It is also possible that WMHV seen in subjects with CKD is mediated by hyperhomocysteinemia. We found interactions between tHcy >12 μmol/L and log-cr and tHcy between 8 and 12 μmol/L and eGFR. Homocysteine has been associated with WMHV in previous studies, and although decreased kidney function may lead to increased levels of homocysteine, homocysteine itself may be damaging to the kidney. Prospective studies are needed to clarify the causal roles of CKD and tHcy in WMH development.

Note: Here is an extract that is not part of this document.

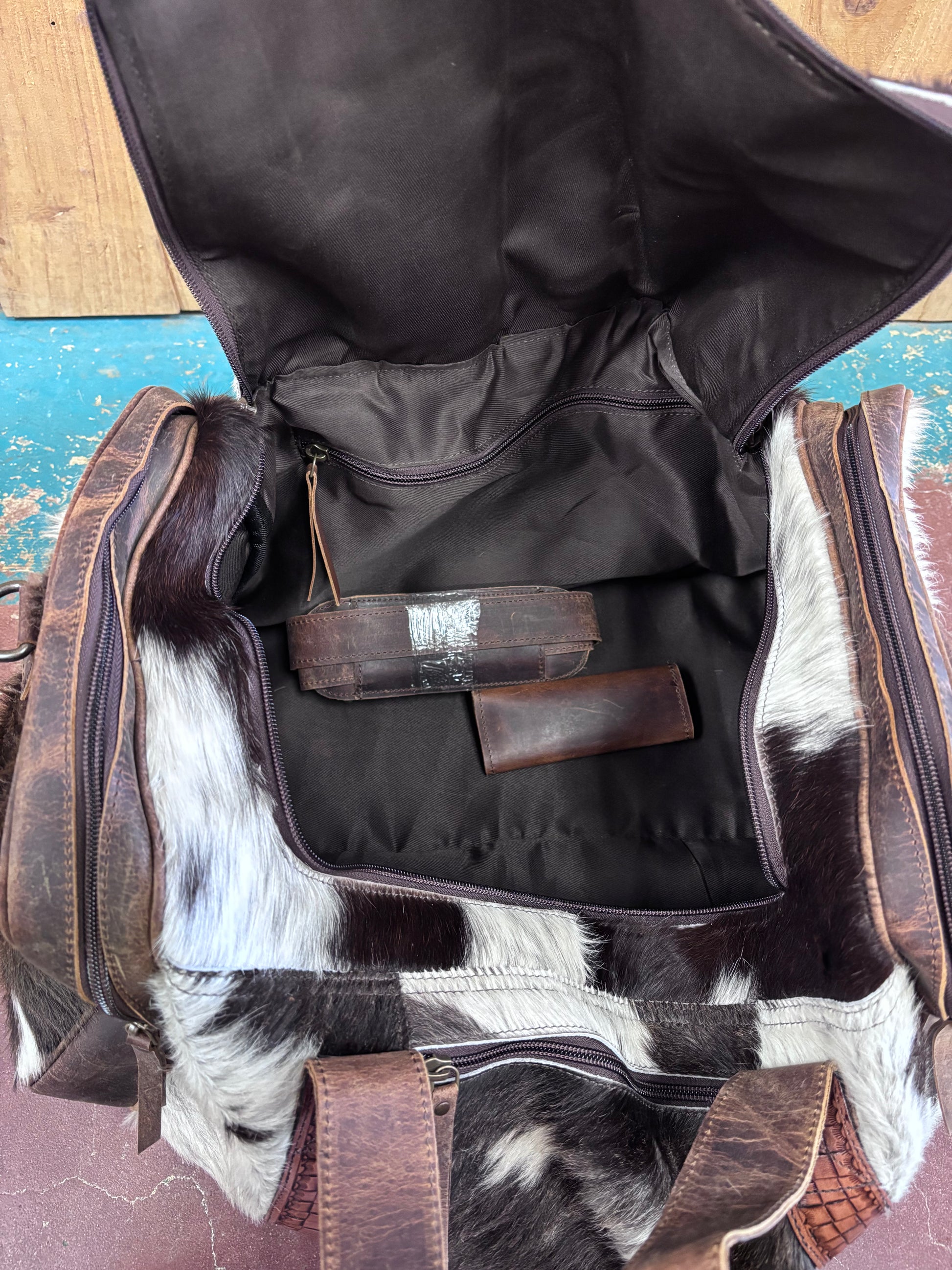 Brown And White Cowhide Duffle Bag

There was a significant association for mild CKD and WMHV using CCl, but not eGFR, between 60 and 90 mL/min as the criterion. Intrinsic differences between the 2 formulas may account for this discordance. eGFR is more precise in patients with compromised kidney function but has less precision when kidney function is normal.47 A glomerular filtration rate between 60 and 90 mL/min can be considered normal (for age) in the absence of proteinuria, which was not measured in this cohort. Therefore, the discrepant association between WMHV and mild kidney dysfunction (CCl/eGFR 60 to 90 mL/min) using CockcroftGault and Modification of Diet in Renal Disease formulas may be secondary to their lack of specificity. Also noteworthy, there is no consensus on the superior formula in Hispanic populations.

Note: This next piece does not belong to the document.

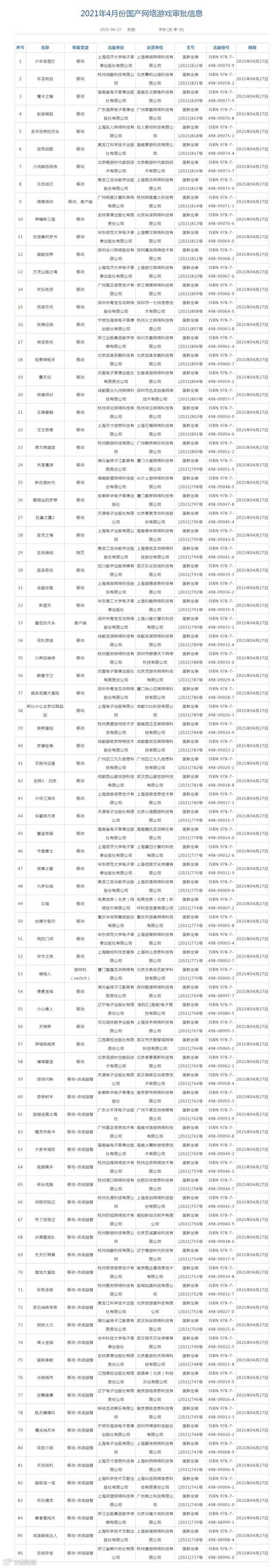 2021年4月,国家新闻出版署官网一共公布了86款过审游戏,其中移动游戏占83款。同时,这也是《游戏审查评分细则》自4月1日起正式试行以来的首批国产网络游戏审批消息。可点击《4月1日起游戏审查试行评分制,低分游戏将被打回!》了解具体的评分规则。

Furthermore, we analyzed the effect of certain medications that may have impacted serum creatinine measurement, including angiotensin-converting enzyme inhibitors, diuretics, and antibiotics. Our findings remained the same excluding subjects on antibiotics (n=5). We also found that angiotensin-converting enzyme inhibitor and diuretic use were not related to our estimates of kidney function using any of the 3 measures nor did including these medications in the final multivariate analysis alter our results.

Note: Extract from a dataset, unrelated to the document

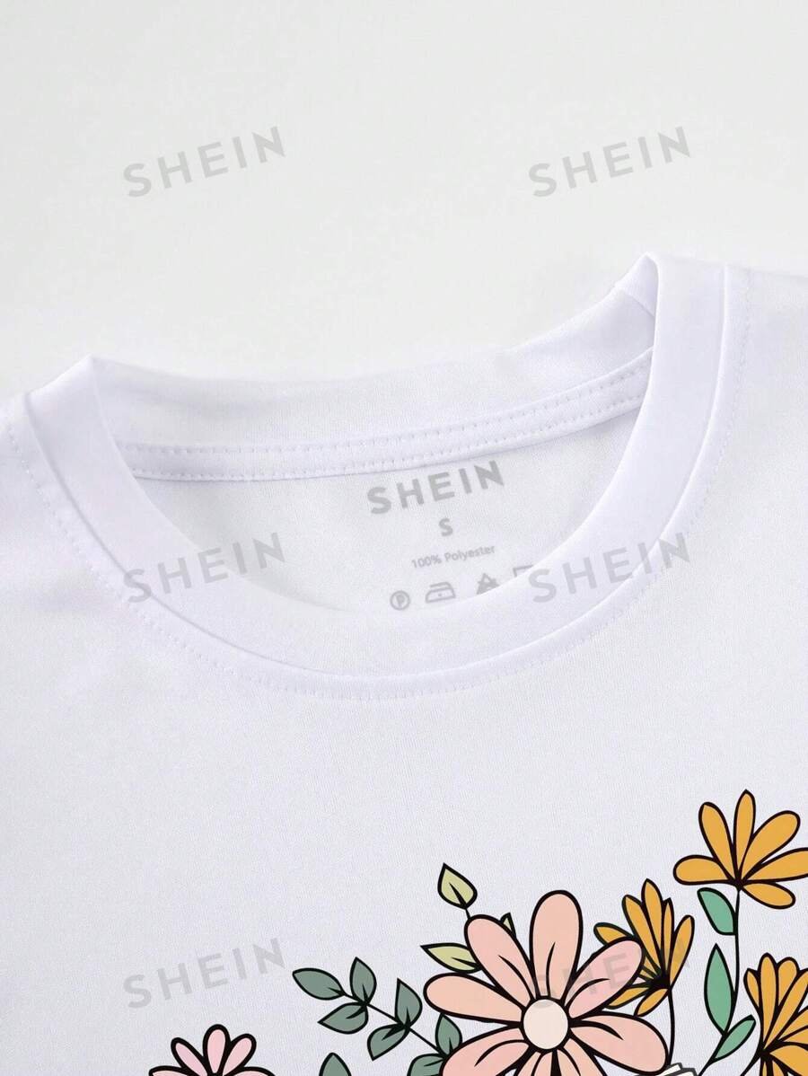 Camiseta con estampado floral con slogan

There are several limitations to this study. One is the cross-sectional design because our results cannot be used to demonstrate causality. Also, the MRI sample is somewhat healthier than the overall cohort due to a survivor effect and has slightly lower prevalences of comorbid risk factors. However, this would tend to minimize our findings. Kidney function was estimated using serum creatinine and serum creatinine-based formulas. More exact estimations such as 24-hour urine collections for iothalamate were not obtained because of the expense and impracticality of performing these collections in a large epidemiologic study. However, the use of either the Cockcroft-Gault or Modification of Diet in Renal Disease formula is accepted as a valid surrogate of kidney function instead of gold standard 24-hour measures in both epidemiologic studies and in clinical practice.48 Another limitation is that urine was not sampled, thus potentially misclassifying subjects with high CCl/eGFR and proteinuria as having “normal” kidney function. Strengths of the study include the diverse population, the stroke-free status of the participants, multiple measures of kidney function (serum creatinine, CCl, eGFR), and the quantitative measure of WMHV.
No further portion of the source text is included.